Below are the entries; give again exactly the lines from the one mentioning "巴西当地时间11月8日,徐工" through the one mentioning "A captivating image", inclusive.

───── Data supplied ─────

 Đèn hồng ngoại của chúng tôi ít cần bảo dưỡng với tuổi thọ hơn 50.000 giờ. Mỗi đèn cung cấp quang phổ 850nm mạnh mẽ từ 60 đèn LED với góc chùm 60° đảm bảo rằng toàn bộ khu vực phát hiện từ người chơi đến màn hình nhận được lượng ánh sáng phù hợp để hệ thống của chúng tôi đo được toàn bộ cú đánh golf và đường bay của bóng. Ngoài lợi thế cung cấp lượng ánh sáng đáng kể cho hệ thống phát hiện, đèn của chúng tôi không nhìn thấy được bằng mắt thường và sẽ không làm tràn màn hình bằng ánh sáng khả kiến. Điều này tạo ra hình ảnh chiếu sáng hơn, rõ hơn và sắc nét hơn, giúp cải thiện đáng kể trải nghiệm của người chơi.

─────
───── Data supplied ─────

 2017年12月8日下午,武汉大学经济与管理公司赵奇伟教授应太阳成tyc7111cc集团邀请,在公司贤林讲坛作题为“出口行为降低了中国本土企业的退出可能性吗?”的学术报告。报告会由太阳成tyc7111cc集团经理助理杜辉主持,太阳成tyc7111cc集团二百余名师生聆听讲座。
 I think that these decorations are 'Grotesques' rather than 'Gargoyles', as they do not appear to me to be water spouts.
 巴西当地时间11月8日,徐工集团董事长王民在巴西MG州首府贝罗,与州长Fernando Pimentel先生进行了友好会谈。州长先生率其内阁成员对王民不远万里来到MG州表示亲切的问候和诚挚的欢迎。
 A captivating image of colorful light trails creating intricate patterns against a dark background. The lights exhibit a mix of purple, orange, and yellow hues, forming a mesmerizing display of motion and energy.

─────
───── Data supplied ─────

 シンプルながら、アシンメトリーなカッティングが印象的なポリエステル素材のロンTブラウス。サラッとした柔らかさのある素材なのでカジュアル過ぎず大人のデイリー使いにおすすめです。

─────

■ Task result:
 巴西当地时间11月8日,徐工集团董事长王民在巴西MG州首府贝罗,与州长Fernando Pimentel先生进行了友好会谈。州长先生率其内阁成员对王民不远万里来到MG州表示亲切的问候和诚挚的欢迎。
 A captivating image of colorful light trails creating intricate patterns against a dark background. The lights exhibit a mix of purple, orange, and yellow hues, forming a mesmerizing display of motion and energy.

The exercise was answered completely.